=== Begin Enclosure ===
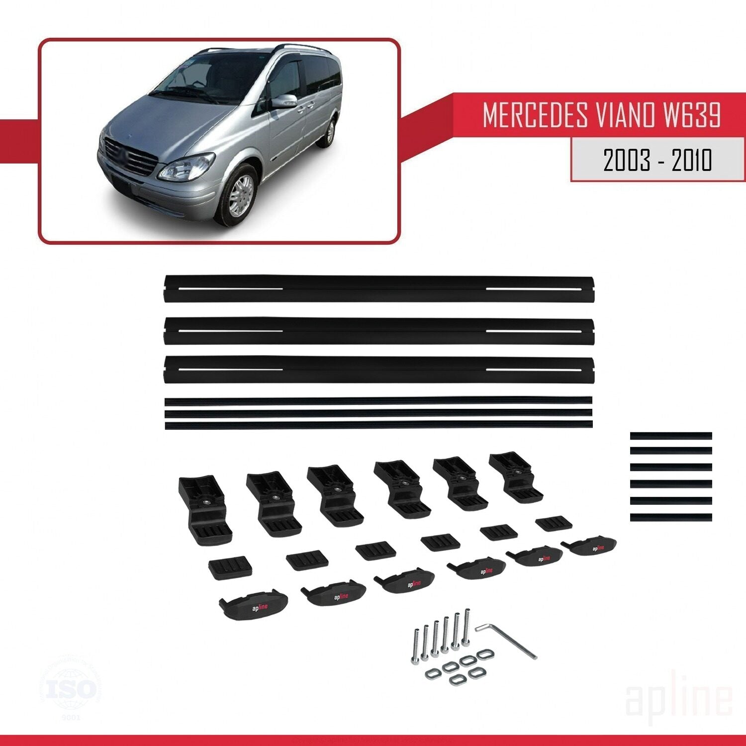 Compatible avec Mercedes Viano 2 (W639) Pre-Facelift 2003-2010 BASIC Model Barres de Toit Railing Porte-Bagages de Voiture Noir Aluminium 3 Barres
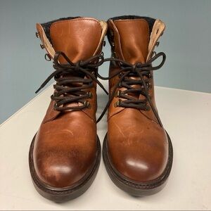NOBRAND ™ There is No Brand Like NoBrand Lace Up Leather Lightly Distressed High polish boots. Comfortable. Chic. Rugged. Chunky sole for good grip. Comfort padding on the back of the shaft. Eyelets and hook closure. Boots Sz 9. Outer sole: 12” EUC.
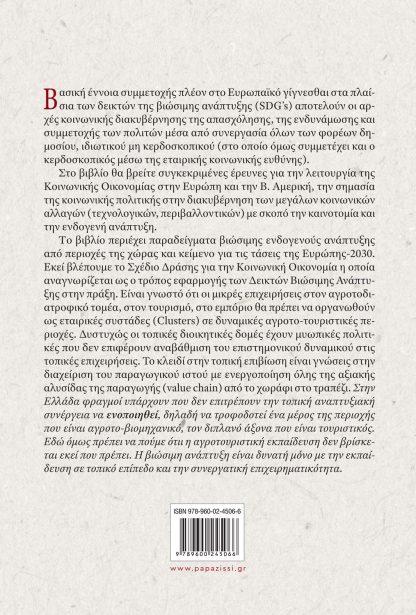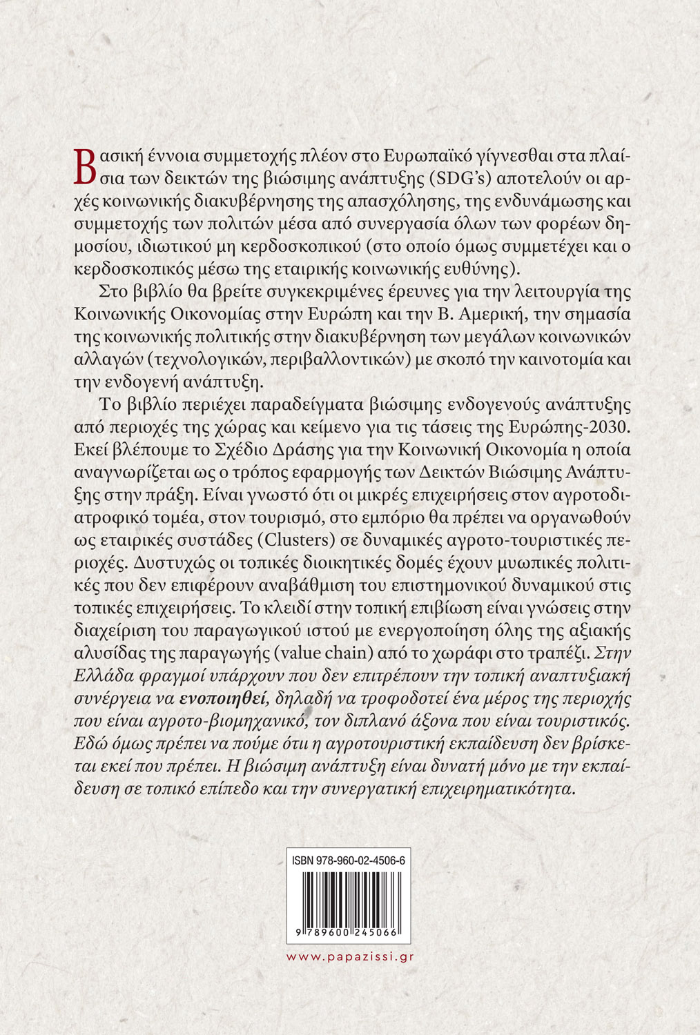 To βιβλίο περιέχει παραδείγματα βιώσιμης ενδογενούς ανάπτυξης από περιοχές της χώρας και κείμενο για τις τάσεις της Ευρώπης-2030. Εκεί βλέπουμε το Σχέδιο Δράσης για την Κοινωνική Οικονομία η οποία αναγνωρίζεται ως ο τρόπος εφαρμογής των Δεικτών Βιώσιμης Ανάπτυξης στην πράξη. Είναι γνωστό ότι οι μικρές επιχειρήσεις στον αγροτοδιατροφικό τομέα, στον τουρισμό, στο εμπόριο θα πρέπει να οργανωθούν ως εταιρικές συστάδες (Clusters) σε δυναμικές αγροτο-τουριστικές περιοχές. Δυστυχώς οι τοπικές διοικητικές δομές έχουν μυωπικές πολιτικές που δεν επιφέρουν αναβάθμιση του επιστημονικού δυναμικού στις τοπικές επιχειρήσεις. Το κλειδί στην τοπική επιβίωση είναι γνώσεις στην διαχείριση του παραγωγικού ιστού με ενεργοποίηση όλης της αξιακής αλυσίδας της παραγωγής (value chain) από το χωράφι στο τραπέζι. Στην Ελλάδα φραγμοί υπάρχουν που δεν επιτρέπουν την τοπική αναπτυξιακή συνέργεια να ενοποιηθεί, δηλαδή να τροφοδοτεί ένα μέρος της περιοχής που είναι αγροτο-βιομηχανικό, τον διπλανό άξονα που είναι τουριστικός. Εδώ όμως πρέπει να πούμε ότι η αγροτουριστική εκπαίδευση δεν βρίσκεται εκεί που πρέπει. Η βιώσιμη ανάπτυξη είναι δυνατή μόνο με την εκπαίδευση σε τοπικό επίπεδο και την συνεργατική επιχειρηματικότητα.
=== End Enclosure ===
=== Begin Enclosure ===
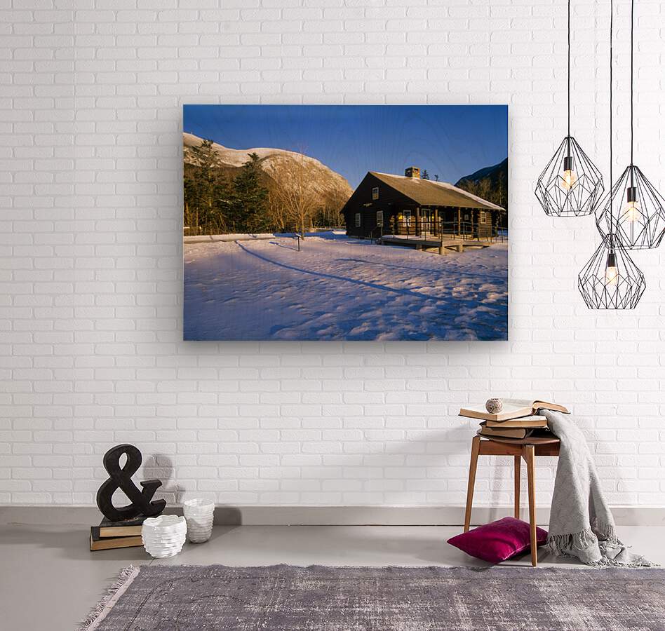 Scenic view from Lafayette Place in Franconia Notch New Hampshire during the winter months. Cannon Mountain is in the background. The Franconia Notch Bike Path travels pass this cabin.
=== End Enclosure ===
=== Begin Enclosure ===
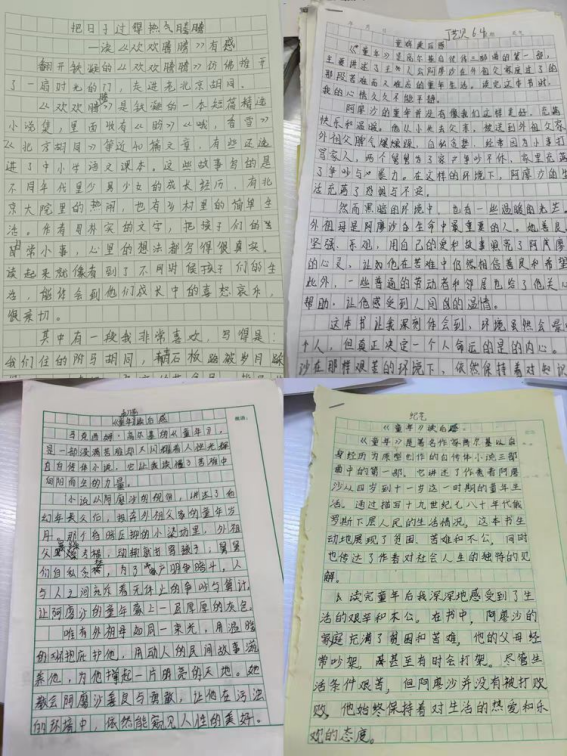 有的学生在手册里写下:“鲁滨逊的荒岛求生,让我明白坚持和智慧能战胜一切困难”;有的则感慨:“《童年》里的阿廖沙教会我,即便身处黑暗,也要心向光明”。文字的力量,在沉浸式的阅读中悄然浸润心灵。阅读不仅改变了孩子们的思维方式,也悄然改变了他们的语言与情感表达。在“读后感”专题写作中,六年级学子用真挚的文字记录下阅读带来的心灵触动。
=== End Enclosure ===
→ YOUR INSTRUCTIONS:
Copy exactly the lines of the entries above from the one containing "Compatible avec Mercedes" through the one containing "NOBRAND ™ There". Both end lines count; pictures do not.

→ OUTPUT FOR THIS EXERCISE:
 Compatible avec Mercedes Viano 2 (W639) Pre-Facelift 2003-2010 BASIC Model Barres de Toit Railing Porte-Bagages de Voiture Noir Aluminium 3 Barres
NOBRAND ™ There is No Brand Like NoBrand Lace Up Leather Lightly Distressed High polish boots. Comfortable. Chic. Rugged. Chunky sole for good grip. Comfort padding on the back of the shaft. Eyelets and hook closure. Boots Sz 9. Outer sole: 12” EUC.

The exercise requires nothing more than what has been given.